To make it more bearable I’ve begun spacing out the dosages from every ten to every twenty minutes. I’ll still finish in plenty of time, and it will still have the desired effect.

4pm.
No longer afraid to fart. I can’t be! The Nulytely is making me rumbly. The eventual world of shit that will explode from me is beginning – first with the gut rumblings, followed by vaporous expulsions.

4:20
First massive explosions! More to come – a lot more. Oh boy!


The above entry marked the end of my contemporaneous notes. From that point on I was too busy sitting on the toilet to write anything down.

My description of the next few hours can be quite graphic, and for some, quite disgusting. I once described them at a social function, and one listener looked ready to vomit.

So I’ll describe it here in only the most general terms – those hours when, as I said, the wise drinker of Nulytely does not venture further than a short sprint from the nearest toilet. I discharged more than I knew I could hold. After a while it was mostly Nulytely. Though I expelled from the back, the splash sounded like urination. That stuff really cleans you out!


When the colonoscopy is over, you’re still so totally doped up that you cannot safely operate heavy machinery. By law, you must be driven home. A caring spouse is ideally suited to this task. You can eat again, and this spouse, friend, or significant other is also ideally suited to bringing you mounds of your favorite foods as you sit groggily on a couch, watching something on TV you would never ordinarily watch – Oprah Winfrey, say. Or in my case, some speculative crap on the History Channel.

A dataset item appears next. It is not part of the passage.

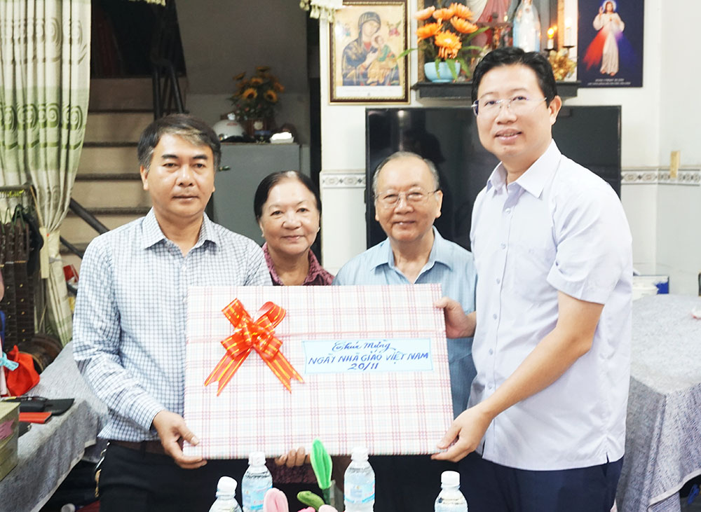 Tiếp đó, Đoàn đã đến thăm và chúc mừng tại nhà riêng của thầy Lê Uy Phong. Thầy Lê Uy Phong là một trong những nhà giáo tiêu biểu của Trường Trung học cơ sở Lê Ngọc Hân, đã có nhiều năm cống hiến cho sự nghiệp giáo dục và đạt nhiều thành tích trong công tác giảng dạy.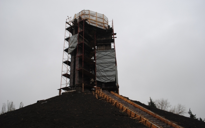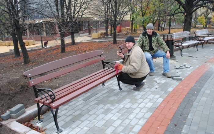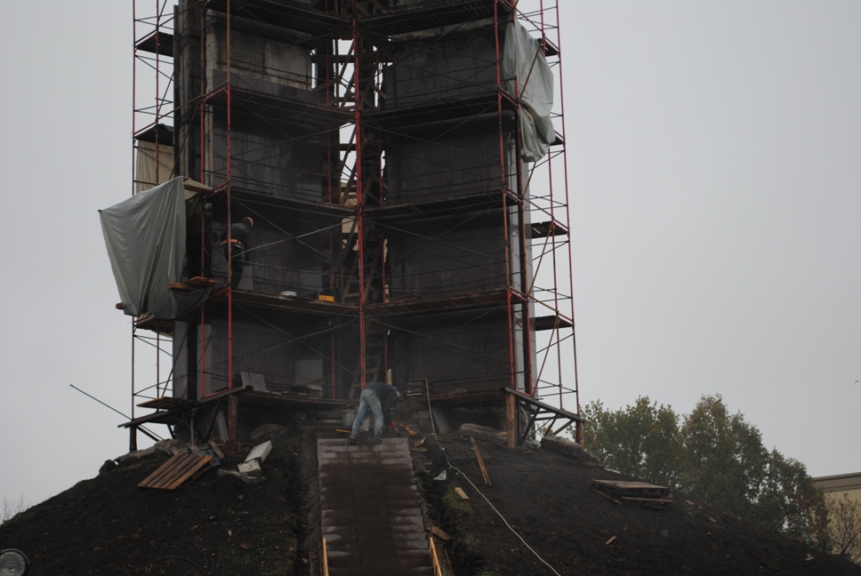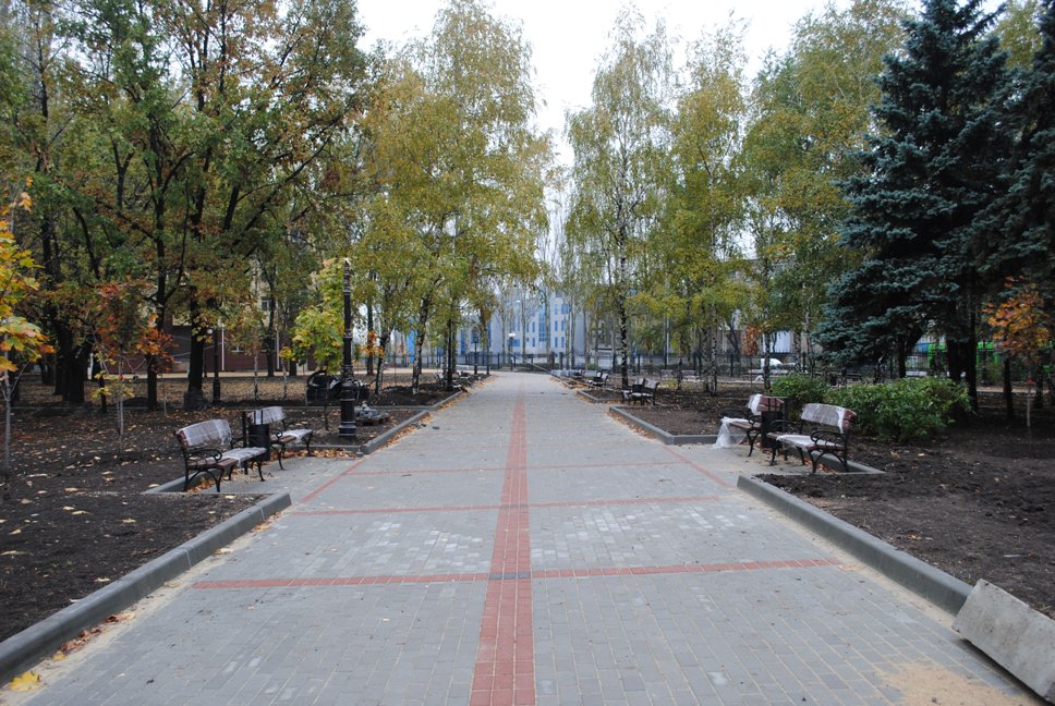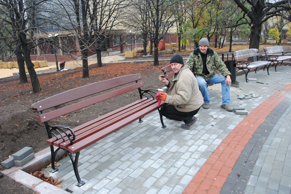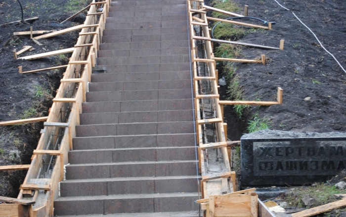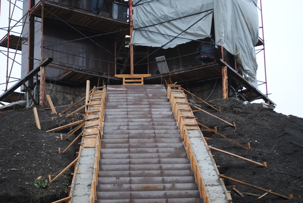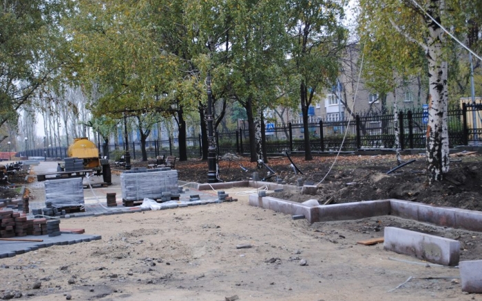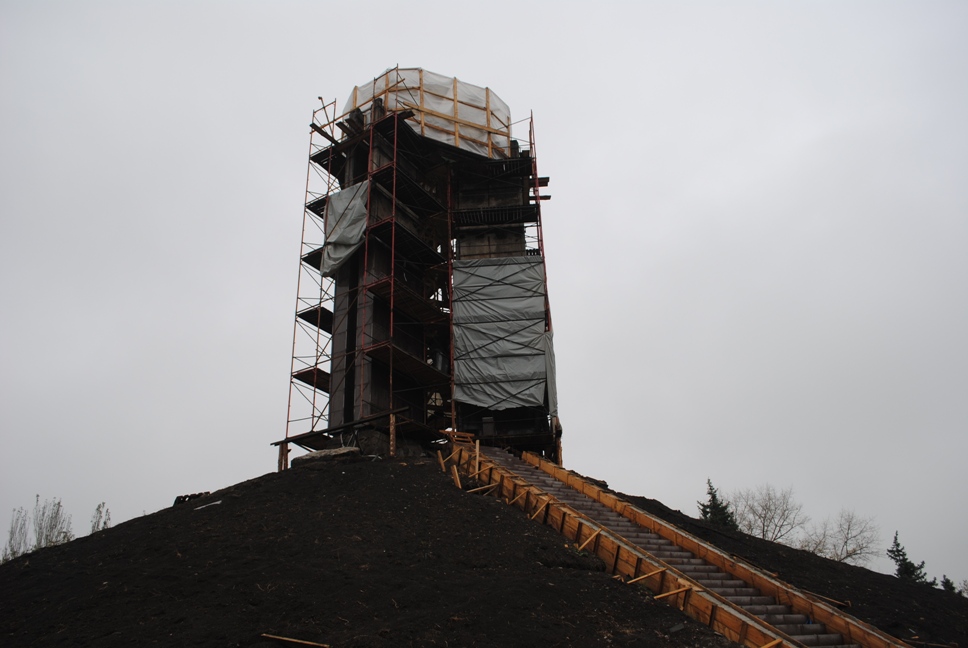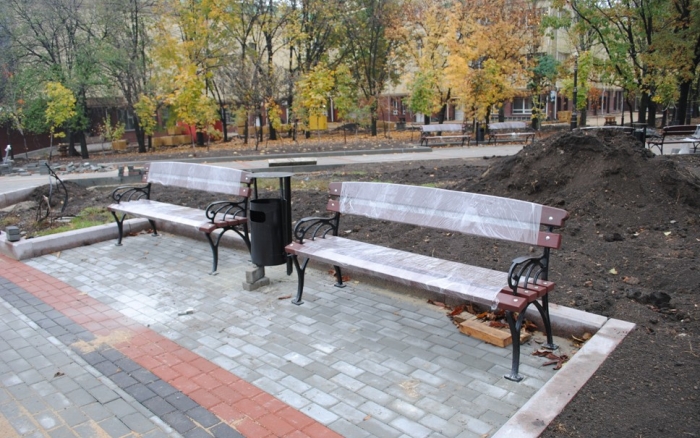 В межах робіт з реконструкції та благоустрою були проведені заміна облицювання трьох 12-метрових пілонів з дюралюмінію на облицювання гранітом по системі «навісні фасади», заміна трьох сходів і підпірних стінок новими з облицюванням гранітом, заміна асфальтобетонного покриття існуючих доріжок на покриття плиткою. Також по всьому периметру встановлено паркове освітлення (по аналогії з центральними проспектами і бульварами міста), 32 лавочки, система поливу.

I’m still a few years away from my next colonoscopy, and when the time comes I’ll have it without hesitation. They can and do save lives.


I should probably mention that people with no family history of colon cancer typically only have to have colonoscopies every ten years. I have to do every five years because both my parents had colon cancer.

I should also probably mention that both of my parents survived, and as of this writing (final day of 2010) are still around.